“Forgive me! Truly, FORGIVE me!”
Cornelia — over for curry, as usual — bowed her head to us, deeply awkward about it.
“Oi oi, what’s this about?”
“The palm-top rabbits’ overhunting… couldst thou rein it in? Even a little?”
“Meaning?”
“As I have said before — the Forest of No Return is home to high-rank monsters.”
“Sure. Naturally.”
“To phrase it another way: it is a treasure-house of material resources.”
“Right — pelts and bones from the hunts sell for idiotic money, from what I’ve seen.”
“And those material resources are… my allowance, thou seest…”
“They’re also this household’s lifeline, mind you.”
Well — skip the imported alcohol and we’d manage on anything… but this world’s liquor is BAD.
Worse, everyone’s palates have refined to the point of rejecting elf and dwarf liquor outright.
—A genuinely alarming trend.
I once knew a family who adored 100-yen conveyor sushi — until the day they won the lottery and would only eat at PREMIUM conveyor sushi.
I mean… at least it still rotated. There’s something almost endearing in that.

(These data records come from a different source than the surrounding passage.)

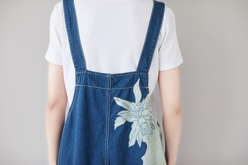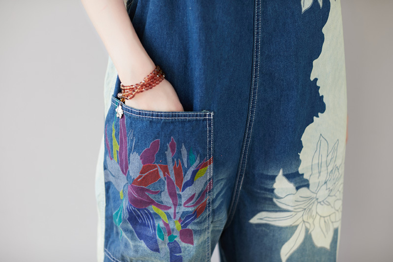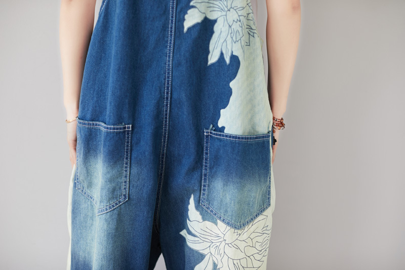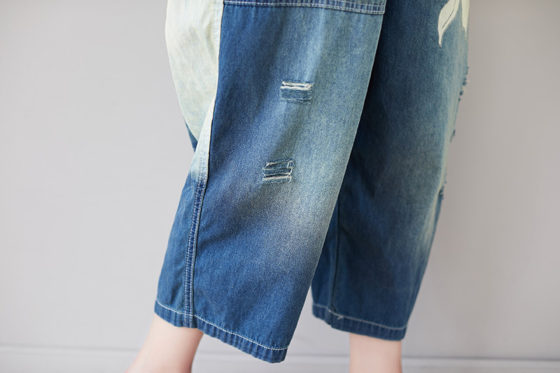 Celana jeans patchwork gaya baru 2025, asimetris, ukuran besar, model overall dicuci, potongan pendek, kaki lebar, kasual, serbaguna
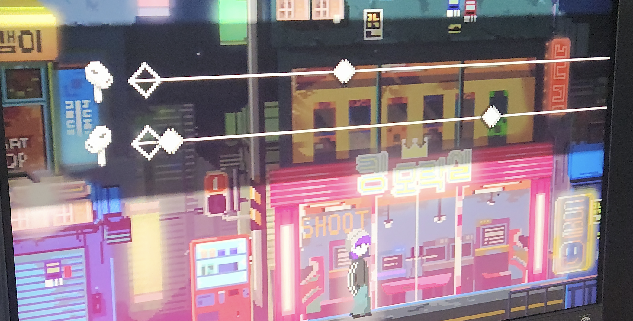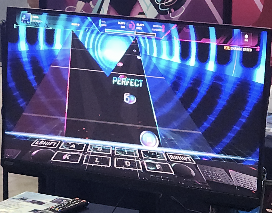 리듬게임 매니아답게 입장하자마자 허겁지겁 리듬게임 부스로 달려갔습니다. 처음 보는 신작이 있었는데, 전통적인 노트 기반이지만 레인이 2개로 나뉘거나 사운드볼텍스처럼 라인이 좌우로 흔들리는 게 인상 깊었습니다. 직접 해보고 싶었지만, 줄이 길어서 패스했습니다. 스팀에 출시된 상태라고 하니 집에서 해봐야겠습니다.
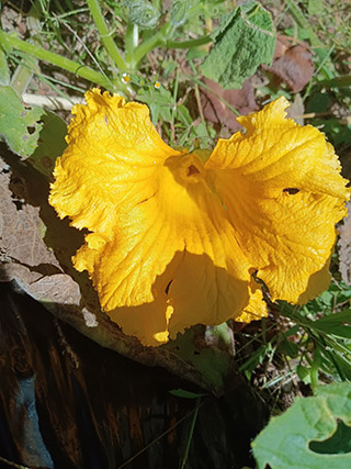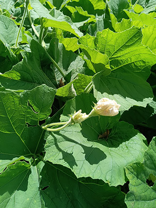 ジャガイモを掘った後の畝にドンドン蔓を伸ばしてるこの様子。 カボチャを植えたはずなのよ?! カボチャの花って黄色よね?!
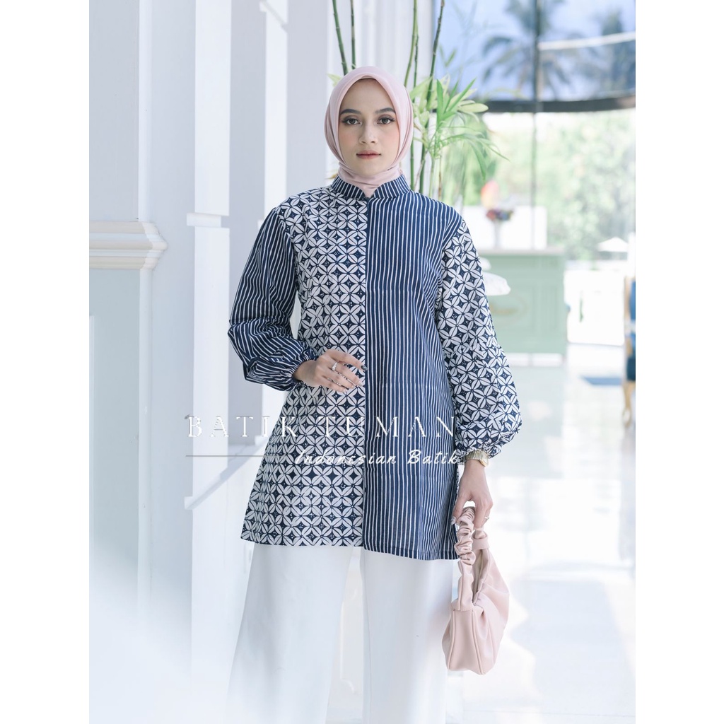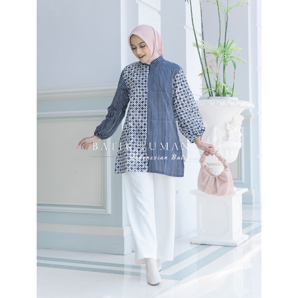 Blouse Batik Kerja KAWUNG SELING NAVY Bahan Katun Primisima Halus Premium Batik Wanita
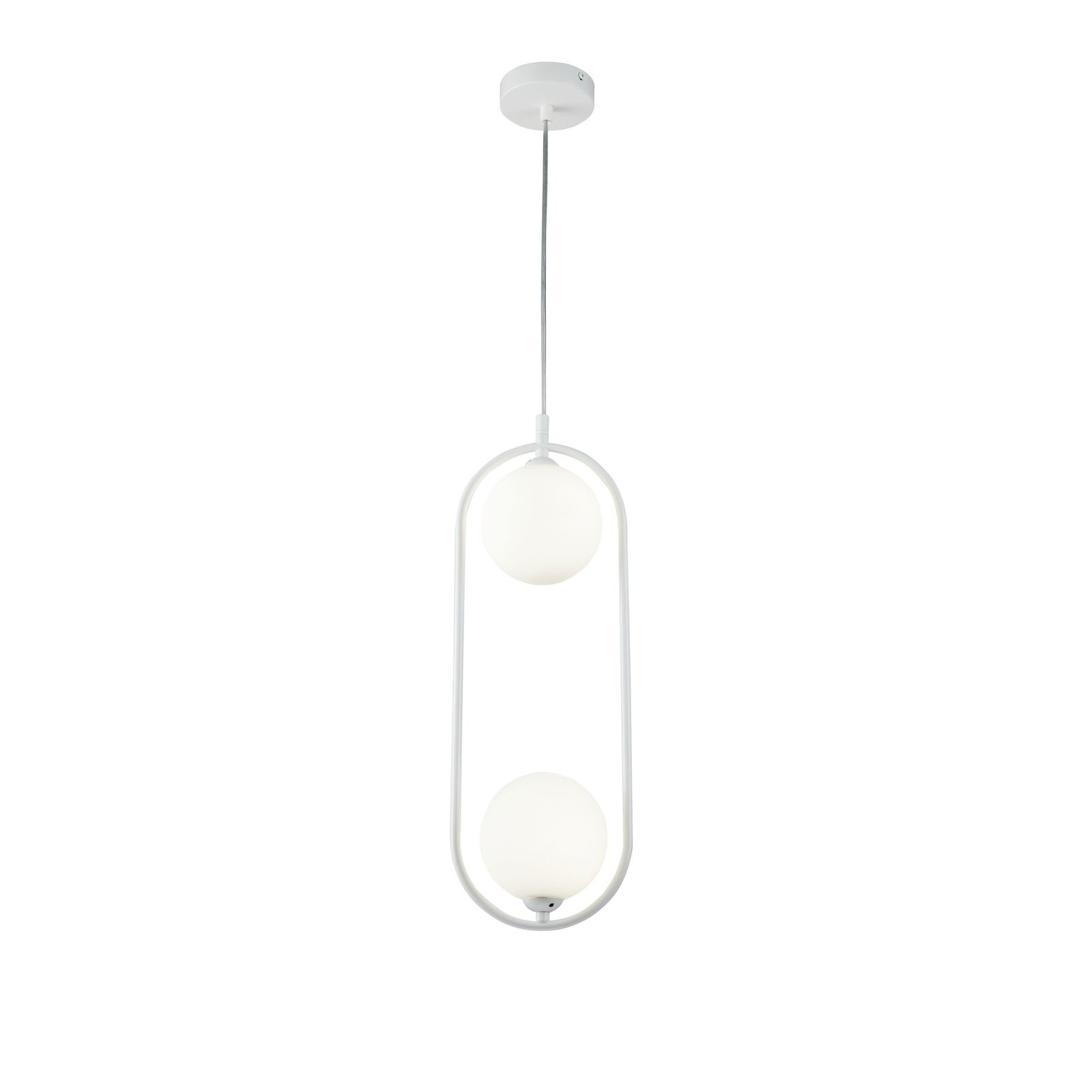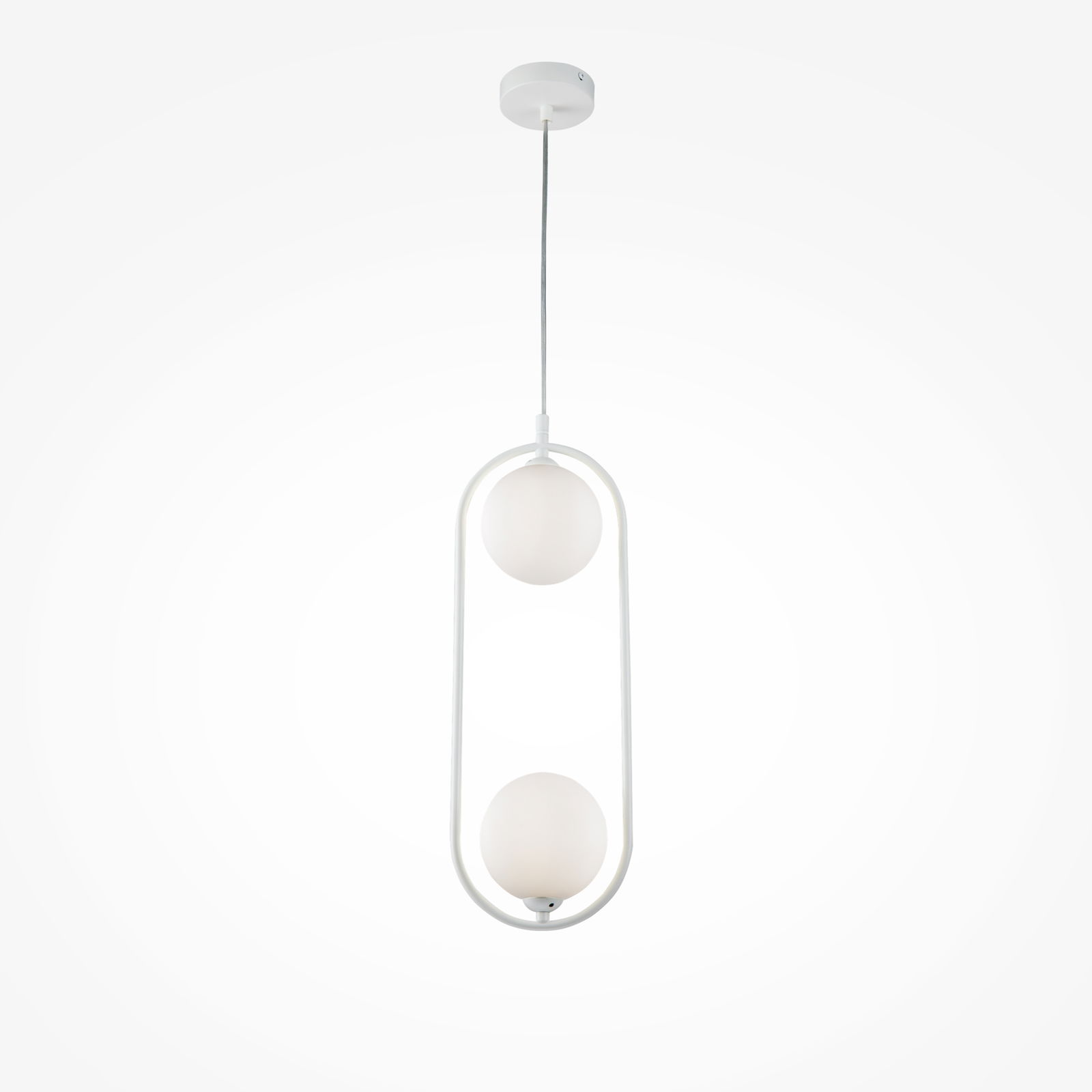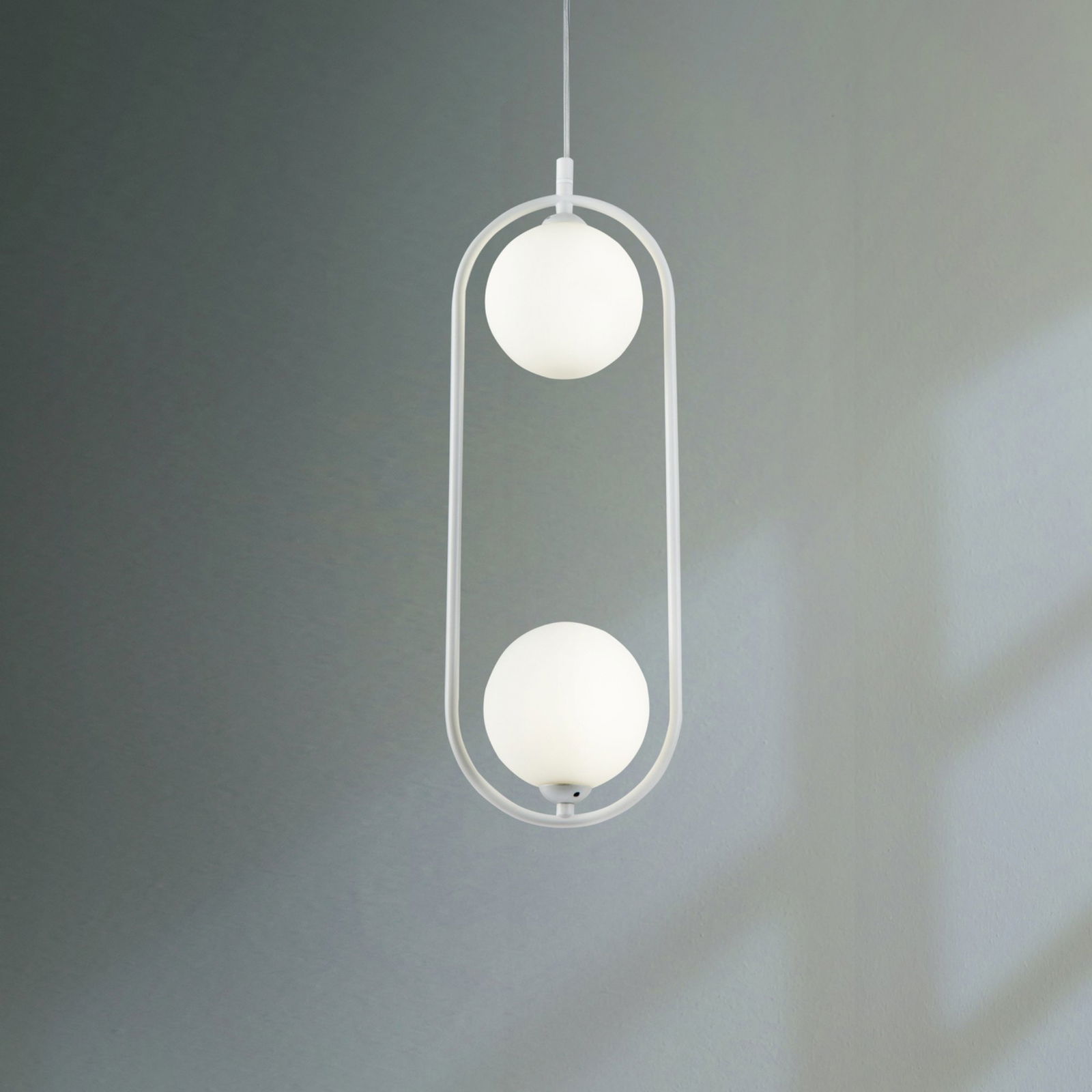 The Ring White Pendant Light has two white glass globes inside an oval metal frame, and the globes sit one above the other. It is 17cm wide and drops from a white ceiling plate on a wire.
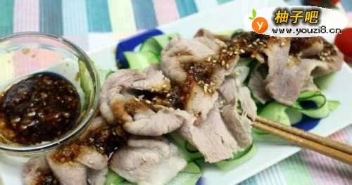 1.小黄瓜清洗干净,用削皮刀平行销薄片备用。2.大蒜用挤泥器压出来,大蒜若没有挤泥器也能手工菜刀剁碎。3.蒜泥加入酱油和生抽中和一下酱料。4.肉片滚水后快速涮烫。5.准备平盘,下面铺上小黄瓜片,上面在放上刚刚涮烫好的肉片,淋上蒜泥酱即可食用。
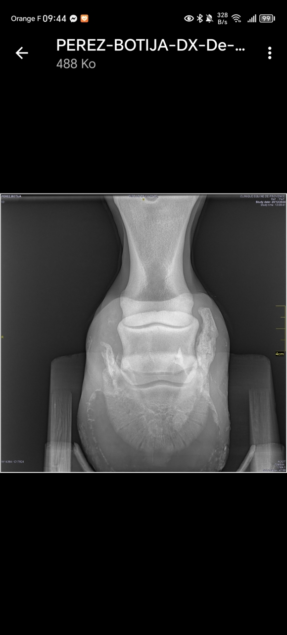 | Dire merci | Je vois le truc, en radio, de cette phalange qui fait comme un U avec des pointes de chaque côté, c'est ça ? Alors, je n'y ai jamais été confronté à ma connaissance, mais j'ai pu constater sur ms divers arthrosiques que le remaniement osseux pouvait engendrer des boiteries légères ou non quand il se produit, un petit peu ce qu'on va appeler des poussées d'arthrose, puis la loco redevient bien quand la poussée est finie. J'imagine que ça peut être la même chose pour Boti quand ça bouge dans le pied ? J'imagine qu'à continuer à un entretien physique au boulot, ça l'aide à un meilleur équilibre global vu la tendance naturelle des chevaux à peser nettement plus sur les antérieurs. De toute façon, c'est bien le genre de cas où on fait surtout ce qu'on peut au feeling |
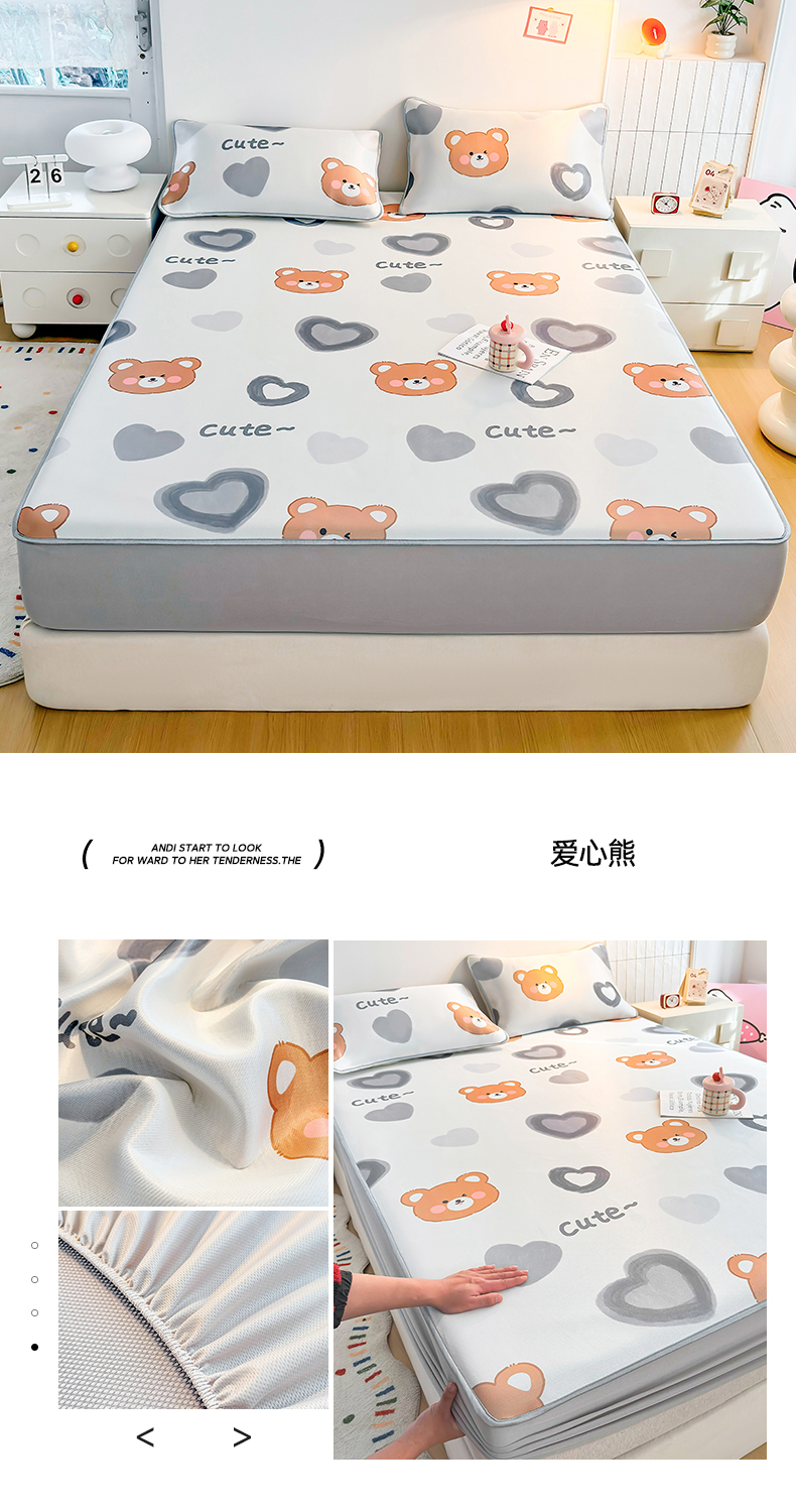 (总)小萌虎 2025新款凉感丝胶质凉席床笠款,爱心,遨游太空,波浪字母,大欧,方格熊咖,方格熊蓝,粉玉,富贵象,高级灰,格调,花草,花海,可爱鸭,恐龙,墨绿,轻奢,水绿,水蜜桃,水墨,水纹,小欧,小兔,小熊,杏韵,幸运条纹
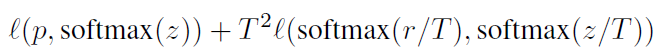 예를들어, ResNet-152를 이용해서 ResNet-50의 학습을 도울 수 있다. 학습을 하는 동안, teacher 모델과 student모델의 softmax 출력 간의 차이에 페널티를 주기 위해 증류 손실을 추가합니다. 입력이 주어지면 p가 실제 확률 분포이고, z와 r은 각각 teacher와 student의 출력이라고 가정한다. p와 z의 값을 이용한 negative softmax 손실함수는 다음과 같다.
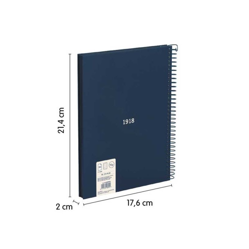 Milan Тетрадка 1918, А5, широки редове, твърда корица, със спирала, 80 листа, тъмносиня
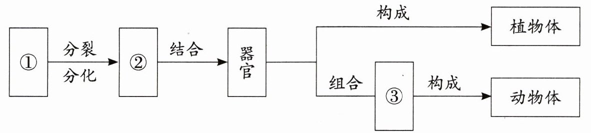 1. 概念框架图可以形象地反映生物学概念间的关系。下图是某同学学习了本章知识后画出来的生物体结构层次的概念框架图,其中①、②、③分别表示(
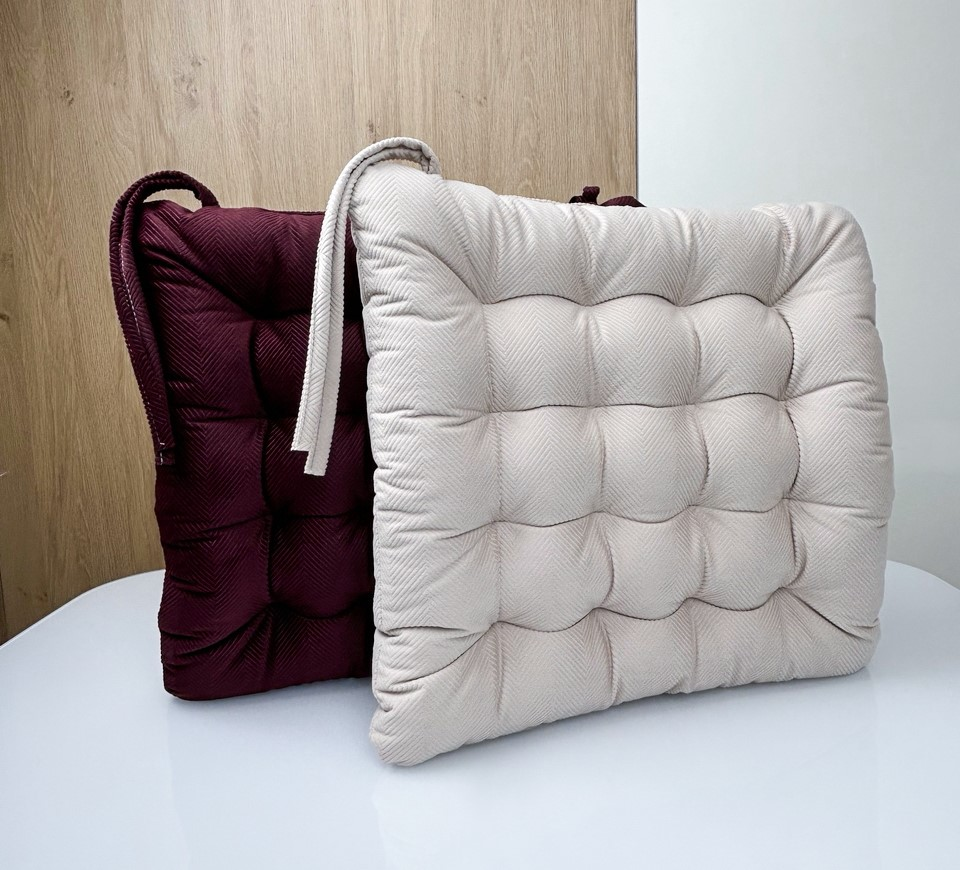 Сидушка-подушка для стула на завязках, с декоративным тафтингом, размером 38см х 38см. Выполнена из велюра с тиснением классическим узором елочка. Изделия из коллекции Herringbone - это классический, элегантный, вневременной стиль, они добавят интерьеру выразительный характер. Изделие прекрасно дополнит любой интерьер, а упругий и мягкий наполнитель из 100% полиэфирного волокна обеспечит мягкую и комфортную посадку на стуле, кресле или табурете.

Point is: my household of women is drifting toward full gourmet-snobbery, and the drift is confirmed.
“So what’s the actual situation, Cornelia?”
“Magic beasts turn over generations in one to two years, broadly. But culled at THIS rate…”
“The resource called ‘magic beasts’ stops reproducing. Got it.”
“Mm. On the current course, extinctions begin within a few years. That much is plain.”
“That IS a problem, though.”
The beet-sugar sales are profitable.
VERY profitable, in fact.
For ordinary living expenses, sugar alone would carry us comfortably, except—
—the Money-Grubbing God’s exchange rate is a war crime.
Sugar money alone won’t cover liquor. It barely covers SEASONING.
Remember the rate: one gold coin — worth ten thousand yen in this world — converts to ONE yen of Japanese product.
A million yen becomes one hundred. As business models go, it’s obscene.
“Alright — understood, Cornelia.”
“Mm. I say not STOP — merely… moderate. I do beg it of thee.”
Watching Cornelia head home, my head filled with a single looping thought: “so… now what?”
“Tatsuya-san? Why are you fiddling with your smartphone? Isn’t this usually nap time for you?”
Mayu — mid-ledger — put the question to me as I sprawled on the sofa during my afternoon break.
“Various developments occurred.”
“Ahh, the money problem?”
“So I’ve been thinking — we’re going to do alchemy.”
“Hm? Alchemy? Wasn’t that debunked on Earth AND in this world? Sure, it laid foundations for chemistry, but you can’t actually MAKE gold?”
I turned my phone’s search screen toward her.
Mayu looked at the screen, tilted her head… then caught my meaning and grinned.
“Ahh. I see… yeah, okay. That IS alchemy.”
“Right?”
And so I headed off to find Katia the dwarf, currently mid-expansion on the house.